Blockchain Technology has unique characteristics that can bring disruption in several sectors of the Financial Services industry, including retail payments, wholesale payments, capital market and security services, trade finance and insurance. Not only could there be major cost savings through its use in back-office operations but also huge gains in transparency that could be very positive from an audit and regulatory point of view.
While blockchain investments are growing faster and new blockchain FinTech players are rapidly emerging, more financial institutions in the region are launching initiatives to understand possible business and operating models and its potential to transform business processes in the region.

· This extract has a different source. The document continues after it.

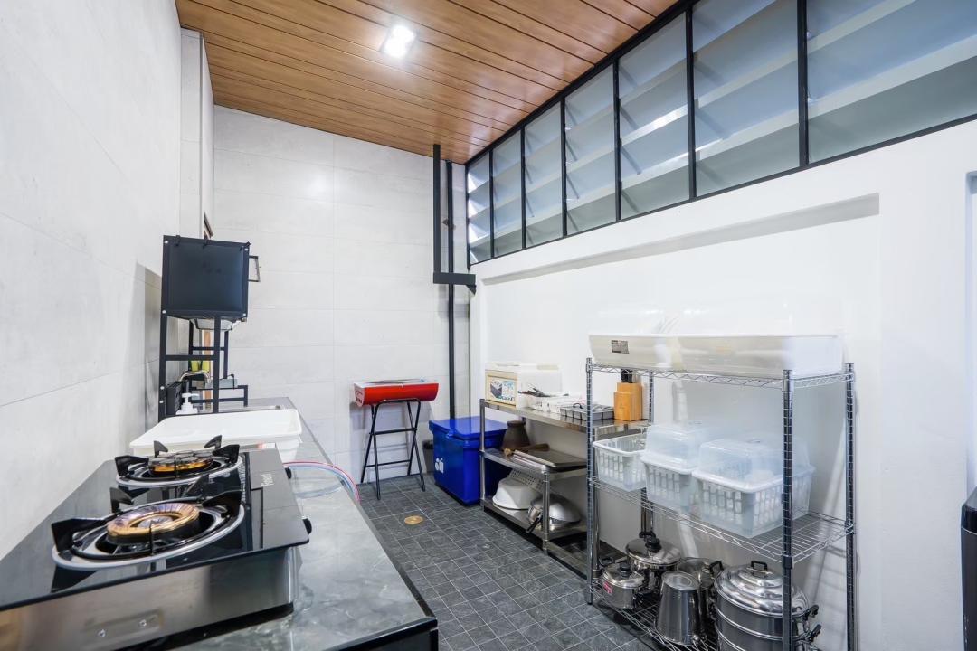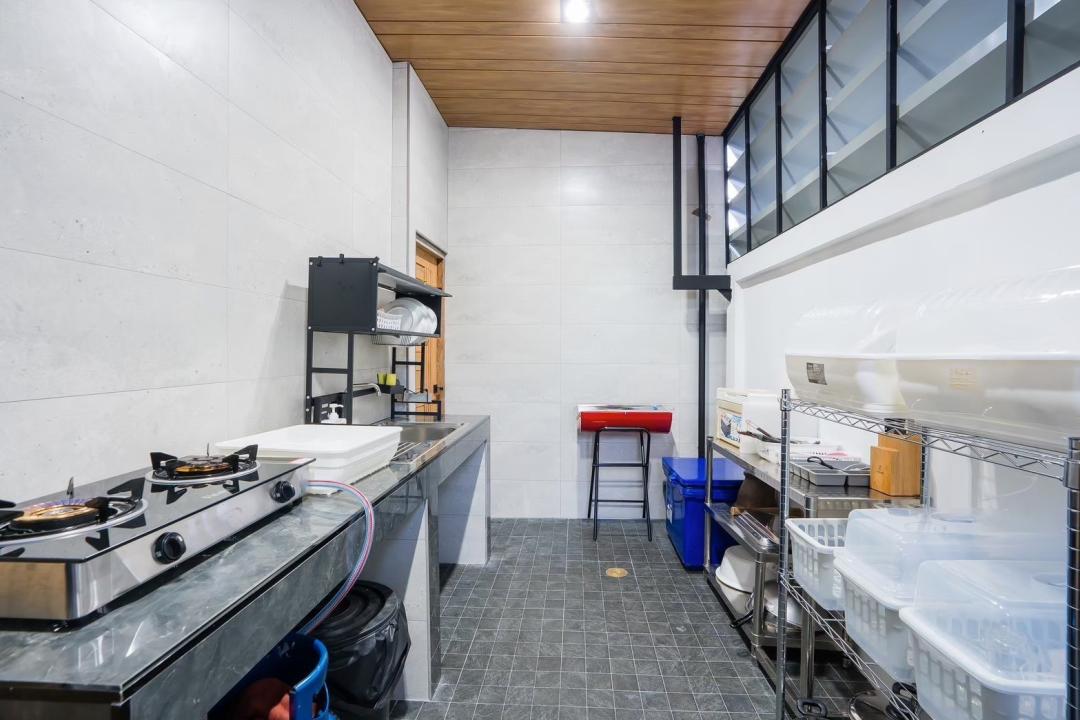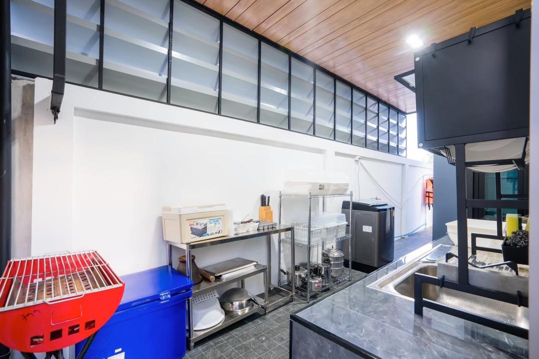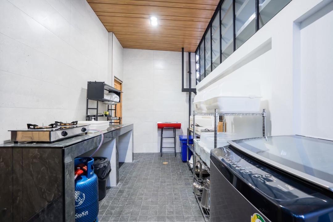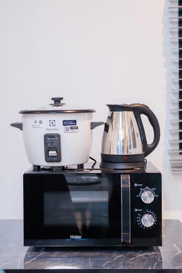 ครก สาก เขียง มีด จาน ชาม ช้อน กะละมังล้างผัก เเก้วนำ้ดื่ม แก้วไวน์ เเก้วเบียร์ แก้วกาแฟ หม้อ กะทะ ตู้เย็น ถังแช่นำ้แข็ง ไมโครเวฟ กานำ้ร้อน หม้อหุงข้าว เครื่องปิ้งขนมปัง เตาแก๊ส เตาปิ้งย่าง มีถังน้ำแข็งให้บริการ

The Middle East, particularly the United Arab Emirates, has taken major steps to catapult itself into the digital age, especially with global trends in the emerging technology. Within the Middle East, the UAE plays a lead role in fostering innovation and encouraging the development of new processes and methods to build smarter cities throughout the region.

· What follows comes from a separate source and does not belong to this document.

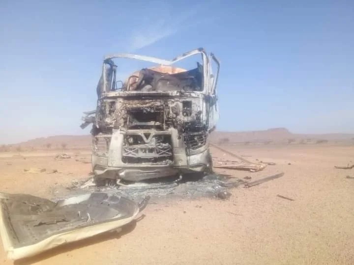 Birlehlu (Sáhara Occidental).- Las Fuerza de ocupación marroquíes atacaron con un misil lanzado por un dron turco a un camión cisterna de transporte de agua potable para la poca población nómada que queda en los territorios liberados del Sáhara Occidental. Este ataque, el séptimo de su tipo contra un objetivo civil, dejó al menos dos mártires.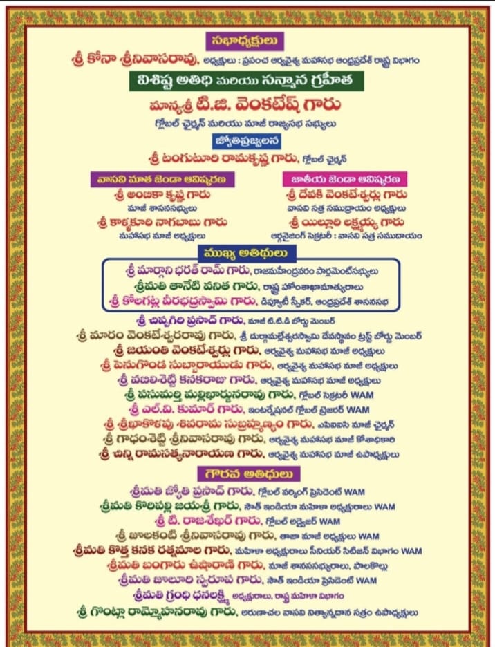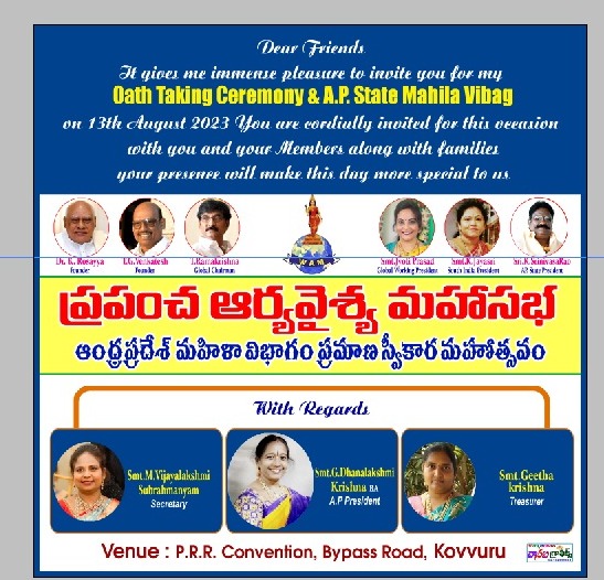 Grandhi Dhanalakshmi Krishna B.A. Honourable A.P. State President was appointed as A.P. State Mahila Vibhag President oath taking ceremony on 13-8-2023. On this happiest occassion we the team members of Vasavi Foundation congratulaing her.

Dubai, one of the leading ﬁnancial centers of the Middle East, has unveiled the “Dubai Blockchain Strategy” as a part of a joint effort to transition Dubai into becoming a “smart city” by injecting blockchain technology to the city’s public and private sector infrastructures to save and redistribute 25.1 million hours of economic productivity. Initiated by Smart Dubai, a governmental agency aims to use blockchain technology to boost government efﬁciency for both citizens and non-citizens by ﬁling, processing, and transacting governmental documents, through the use of distributed ledger technology. Dubai Blockchain Strategy also hopes to boost industrial growth by introducing a blockchain-based system that would encourage and enable the creation of new businesses in various industries using blockchain technology.

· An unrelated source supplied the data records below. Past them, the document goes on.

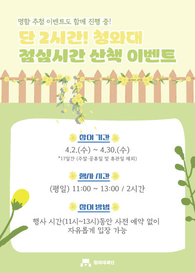 다만 예약 및 보안검색 등 절차가 있으니, 공식 사이트(https://www.opencheongwadae.kr/mps)를 통해 꼼꼼히 준비하시면 더욱 편안하고 뜻깊은 관람이 가능할 거예요.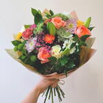 Букет, сповнений енергії та кольору, що викликає радість та свіжість у кожній деталі. Троянди в відтінках лосося та кремові поєднуються з ліловими та білими хризантемами, створюючи яскраву гармонію. Вкраплення зелені та дрібні фуксійні ягідки додають динамізму та сучасності. Ідеально для дня народження, висловлення подяки або щоб прикрасити будь-який простір. Щоб зберегти букет свіжим, поставте його у вазу з чистою водою, міняйте воду кожні два дні та обрізайте стебла по діагоналі. Уникайте прямого сонячного світла та протягів, щоб продовжити його красу.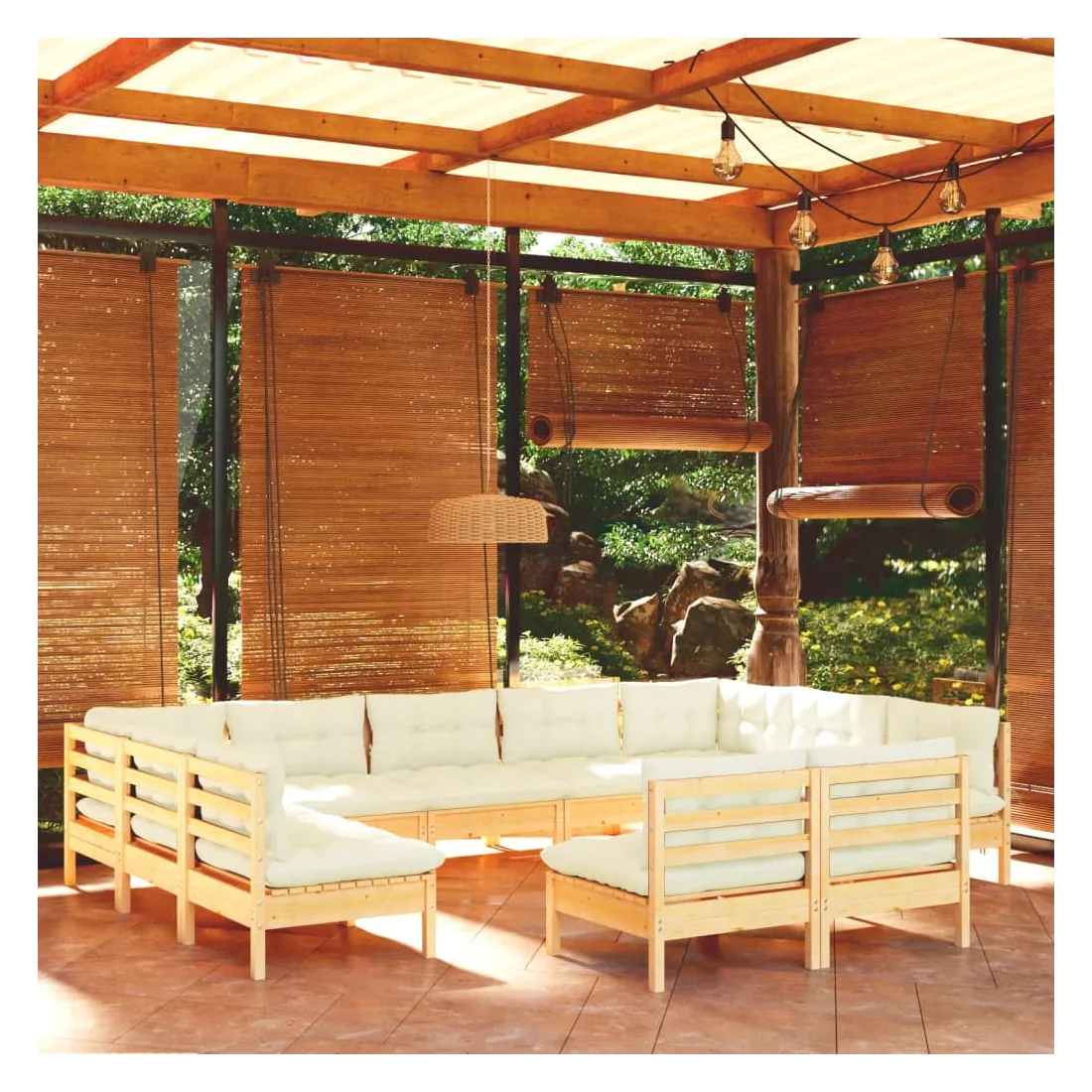 Ce salon de jardin est un excellent choix pour vous détendre et profiter du beau temps, faire une sieste ou discuter avec votre famille ou vos amis. Le salon de patio est fabriqué en bois de pin massif, ce qui le rend robuste et stable. Les coussins ajoutent un confort supplémentaire. Vous pouvez le combiner avec d’autres segments modulaires pour créer vos propres configurations de salon de jardin ! Remarque : afin de prolonger la durée de vie des meubles d'extérieur, nous vous recommandons de les protéger avec une housse imperméable.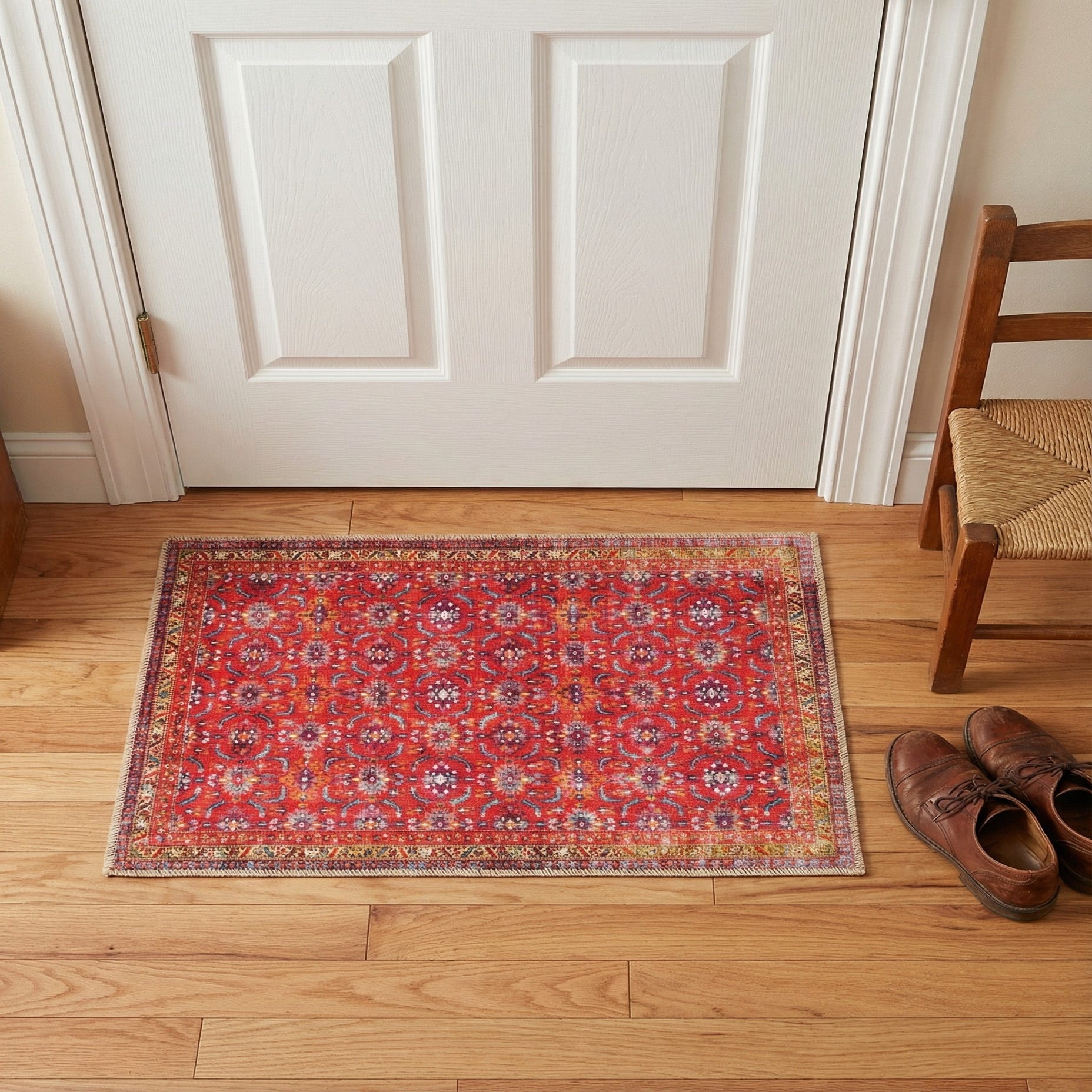Primary color is Red. Colors in this rug include: Red, Beige, Black, Blue, Ivory, Violet, Gold, Green.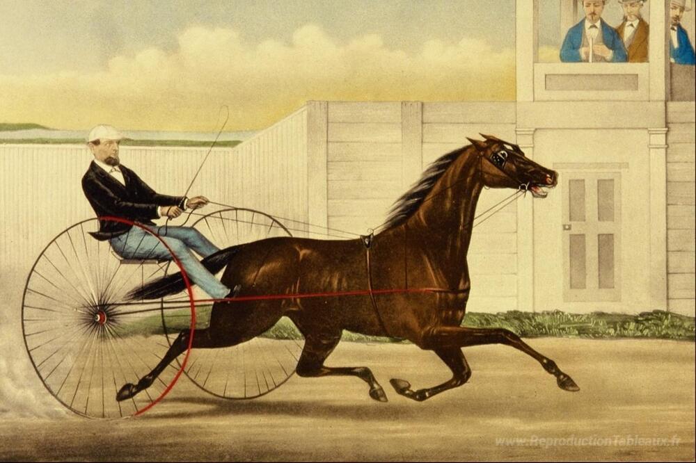 Nous vous proposons une reproduction artisanale sur toile du célèbre tableau 'La célèbre jument trotting Lucy' de Currier and Ives, provenant du Musée de la Reproduction.
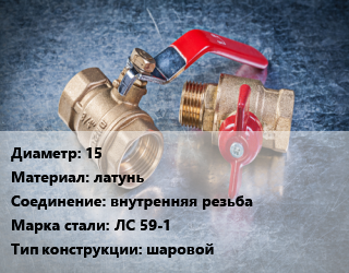 Кран металлический 15 латунь внутренняя резьба Сталь: ЛС 59-1 шаровой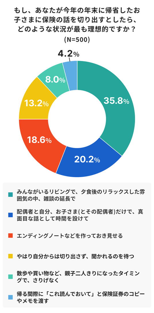 理想の切り出し方は、「改まって時間を設ける」(20.2%)よりも、「リビングで、夕食後のリラックスした雰囲気の中、雑談の延長で」(35.8%)が最多でした。

Other countries in the Middle East, such as the Kingdom of Saudi Arabia, and Kuwait, have also introduced cryptocurrency to its nationals. Kuwait-based investment banking and asset management ﬁrm Markaz, has taken a step further stating that oil producing countries, particularly in the GCC, could beneﬁt if crypto currency is used in trading.
In the Kingdom of Saudi Arabia, digitization is expected to play a central role in that nation’s recently announced National Transformation Plan, aimed at overhauling its entire economy over the next 10 years to wean the nation off its almost absolute reliance on oil & gas production as the foundation of its economy. This is in line with Saudi Arabia’s vision of developing a vibrant digital economy by 2030. For this purpose, the Saudi Arabian Monetary Authority is taking steps to provide the legislative framework for the use of bitcoin. Moreover, the Saudi Arabian central bank is working with the UAE central bank to test a new digital currency for cross-border payments.
The Kingdom of Bahrain has been targeting national blockchain adoption and has been working along with the central bank of Singapore in a plan to build a pilot blockchain project within its borders. The Monetary Authority of Singapore (MAS), along with Singapore’s stock exchange and eight local and foreign banks, have been developing a project to use blockchain technology for interbank payments. Following this, Bahrain is looking to develop its own blockchain trial, as the government works toward establishing a robust and comprehensive regulatory regime in the digital currency space. That is to say, the development of a “regulator-friendly space” that will allow research and testing of new FinTech products and innovations that it believes the Middle East region requires.
Oman has also made progress in their blockchain usage and development. The National Bank of Oman conﬁrmed the completion of a blockchain pilot for the use of international remittances.